# Records supplied

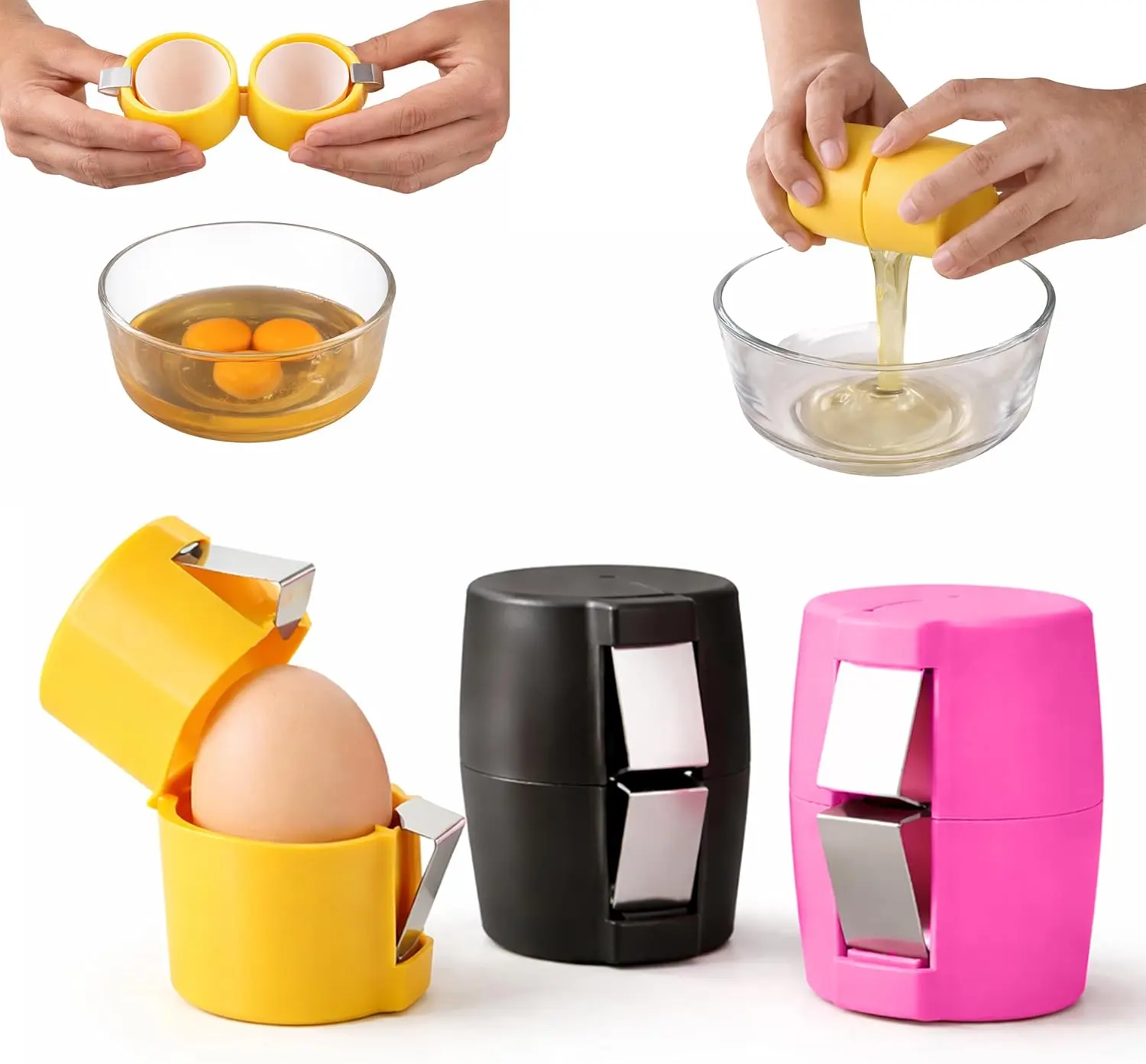·VERSATILE EGG TOOL: Multi-functional kitchen gadget designed to crack raw eggs cleanly, peel hard boiled eggs effortlessly, and separate yolks from whites with precision
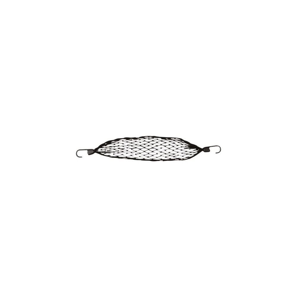 Sandow élastique polypropylène noir 60 cm au repos, extensible à 90 cm. 5 mm. Avec ses deux crochets et son filet élastique, idéal pour maintenir et fixer des bagages ou tout autre accessoire un peu partout.
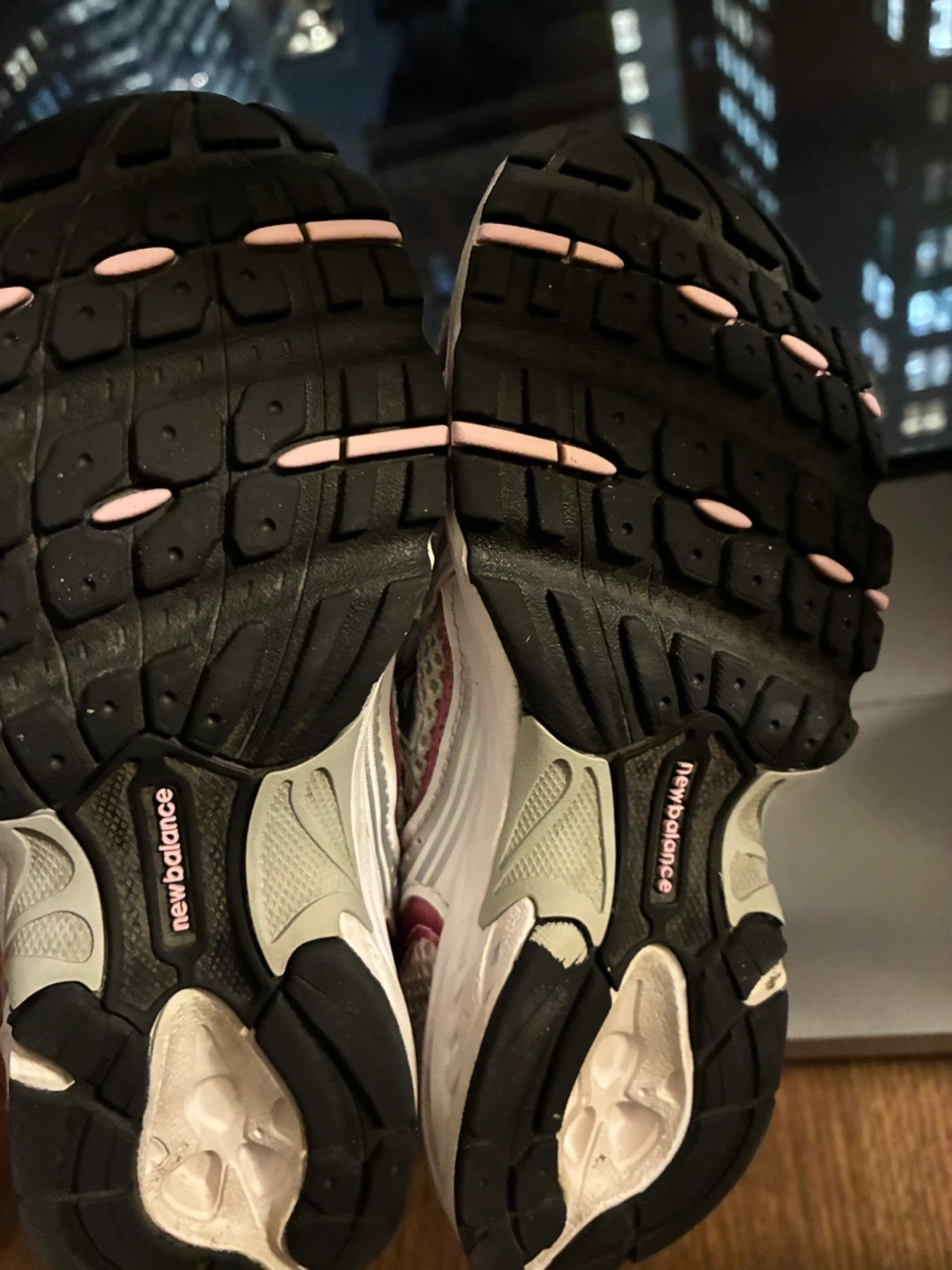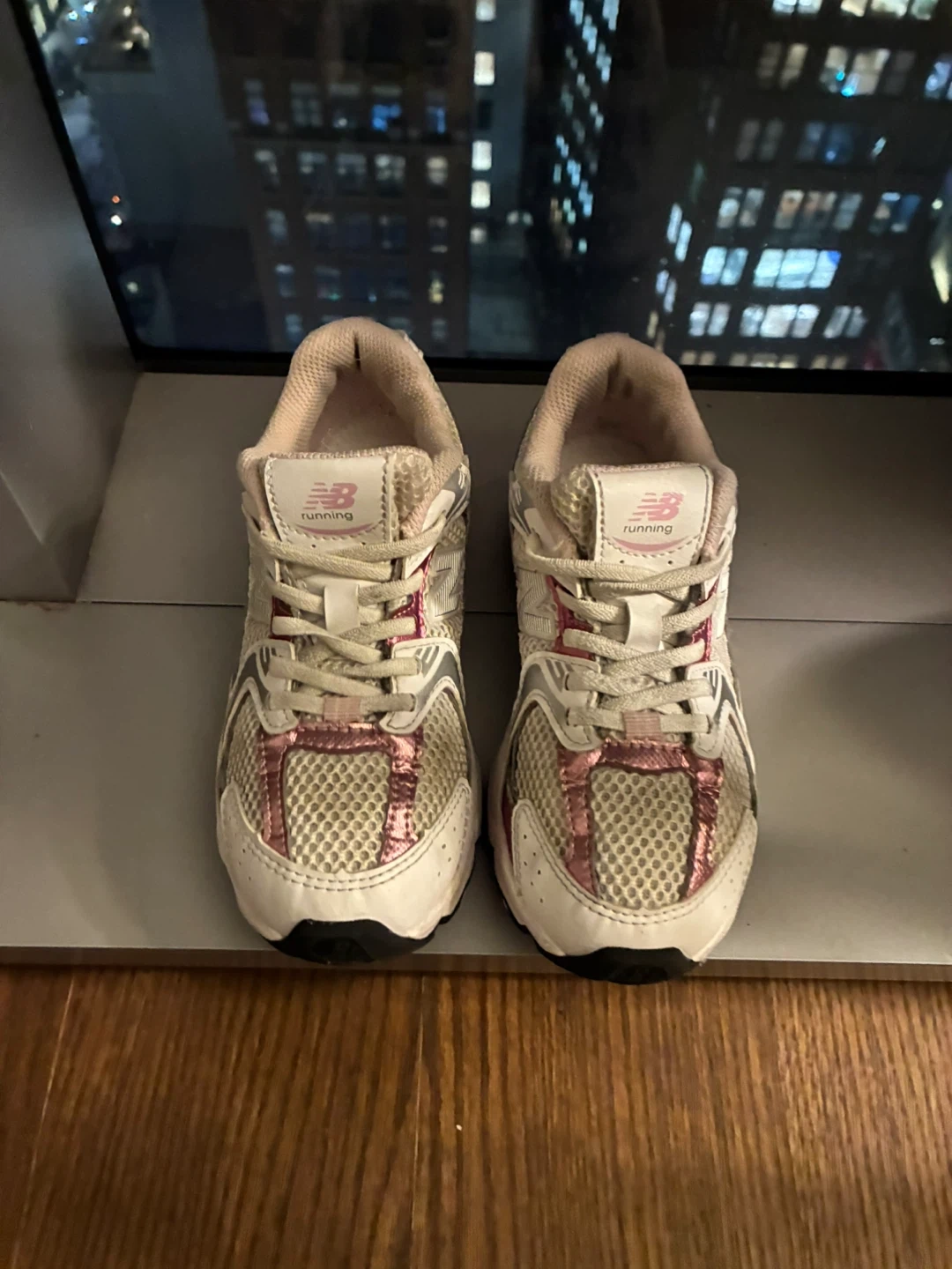 These are a pair of New Balance running shoes, perfect for your little one's active lifestyle! They feature a stylish white and pink color scheme, with the classic New Balance logo prominently displayed. Ready for a new adventure!
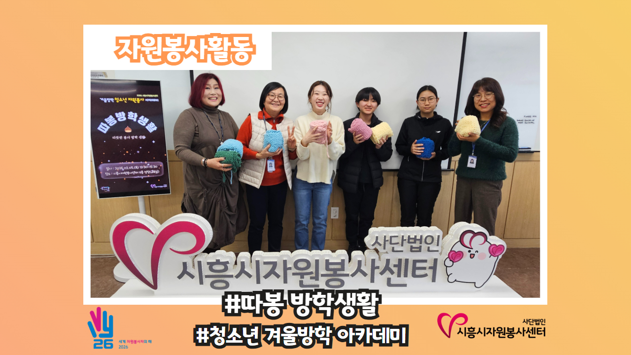[자원봉사활동-#청소년 겨울방학 아카데미] 지난 2월 5~6일, 시흥시자원봉사센터에서 청소년 겨울방학 자원봉사 아카데미 - 따뜻한 봉사활동 방학 생활 - 🌰따봉방학생활🌰이 진행되었습니다!😉 🌱 1일 차 – 자원봉사의 시작을 배우다! 자원봉사의 기본 개념과 사례를 배우며 “왜 봉사를 해야 할까?”를 함께 고민하고~💕 이어 진행된 뜨개 목도리 만들기 활동에서는 한 코 한 코 정성을..
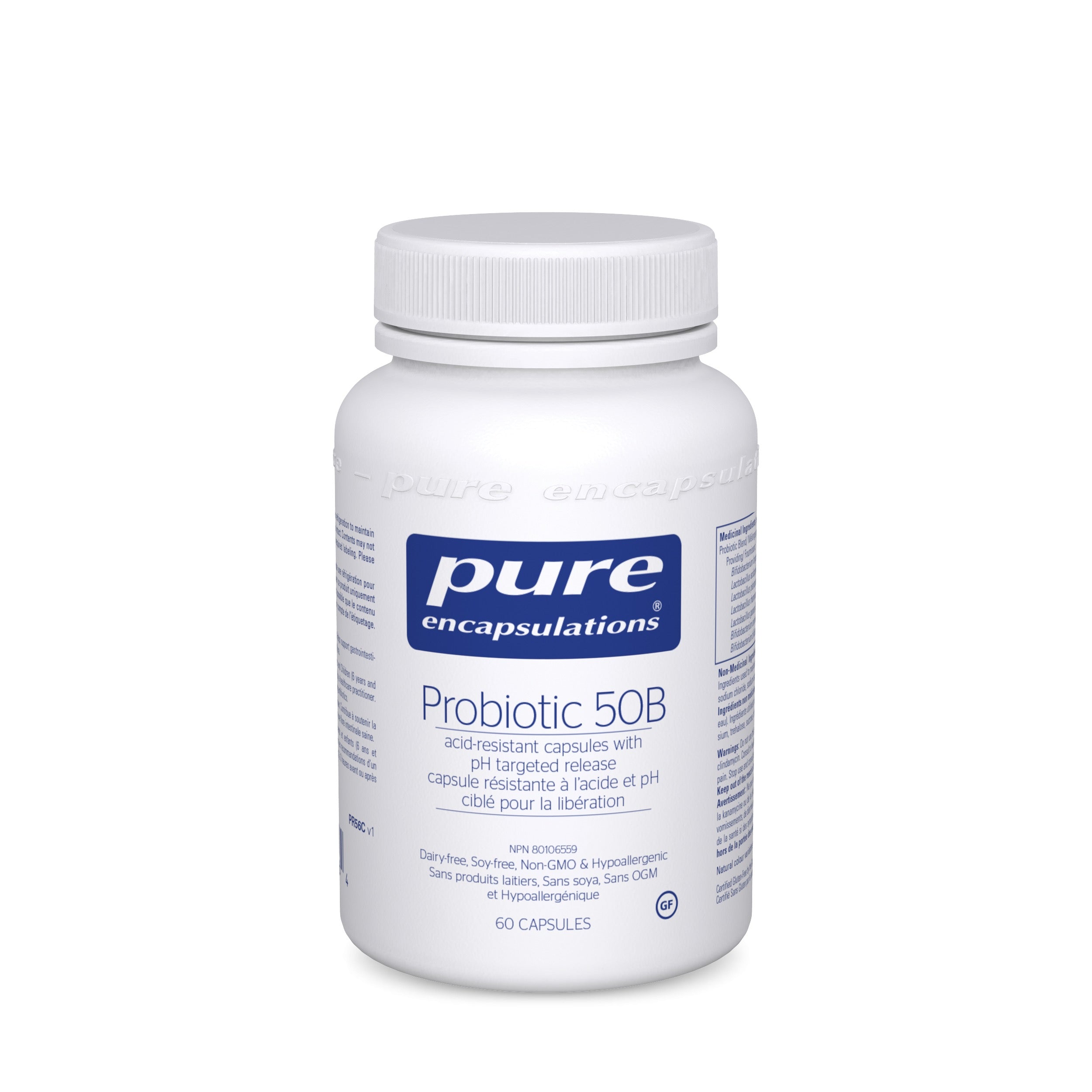 Probiotic 50B provides 50 billion CFU per capsule of the beneficial bacteria Lactobacillus acidophilus, Lactobacillus rhamnosus, Lactobacillus plantarum, Lactobacillus gasseri, Bifidobacterium longum subsp. longum, Bifidobacterium bifidum, and Bifidobacterium animalis subsp. lactis. This formula is offered in acid-resistant capsules with pH-targeted release for maximal probiotic viability. These capsules are designed to resist disintegration in an acidic environment (i.e., stomach) and dissolve in more alkaline environments (i.e., small and large intestine). This technology shields the organisms from stomach acid, delivering the maximal viable organisms to the G.I. tract. This blend of lactobacilli and bifidobacteria is designed to promote healthy intestinal ecology to enhance gastrointestinal health. Probiotics have been shown to maintain healthy G.I. barrier function, in part by maintaining intestinal epithelial integrity. Several trials have also revealed that mixed probiotic supplementation assists in maintaining intestinal flora and promoting G.I. comfort.

# Task
In transcribing the material above, reproduce each line exactly and include none of the pictures.

# Reply to the task
·VERSATILE EGG TOOL: Multi-functional kitchen gadget designed to crack raw eggs cleanly, peel hard boiled eggs effortlessly, and separate yolks from whites with precision
 Sandow élastique polypropylène noir 60 cm au repos, extensible à 90 cm. 5 mm. Avec ses deux crochets et son filet élastique, idéal pour maintenir et fixer des bagages ou tout autre accessoire un peu partout.
 These are a pair of New Balance running shoes, perfect for your little one's active lifestyle! They feature a stylish white and pink color scheme, with the classic New Balance logo prominently displayed. Ready for a new adventure!
[자원봉사활동-#청소년 겨울방학 아카데미] 지난 2월 5~6일, 시흥시자원봉사센터에서 청소년 겨울방학 자원봉사 아카데미 - 따뜻한 봉사활동 방학 생활 - 🌰따봉방학생활🌰이 진행되었습니다!😉 🌱 1일 차 – 자원봉사의 시작을 배우다! 자원봉사의 기본 개념과 사례를 배우며 “왜 봉사를 해야 할까?”를 함께 고민하고~💕 이어 진행된 뜨개 목도리 만들기 활동에서는 한 코 한 코 정성을..
 Probiotic 50B provides 50 billion CFU per capsule of the beneficial bacteria Lactobacillus acidophilus, Lactobacillus rhamnosus, Lactobacillus plantarum, Lactobacillus gasseri, Bifidobacterium longum subsp. longum, Bifidobacterium bifidum, and Bifidobacterium animalis subsp. lactis. This formula is offered in acid-resistant capsules with pH-targeted release for maximal probiotic viability. These capsules are designed to resist disintegration in an acidic environment (i.e., stomach) and dissolve in more alkaline environments (i.e., small and large intestine). This technology shields the organisms from stomach acid, delivering the maximal viable organisms to the G.I. tract. This blend of lactobacilli and bifidobacteria is designed to promote healthy intestinal ecology to enhance gastrointestinal health. Probiotics have been shown to maintain healthy G.I. barrier function, in part by maintaining intestinal epithelial integrity. Several trials have also revealed that mixed probiotic supplementation assists in maintaining intestinal flora and promoting G.I. comfort.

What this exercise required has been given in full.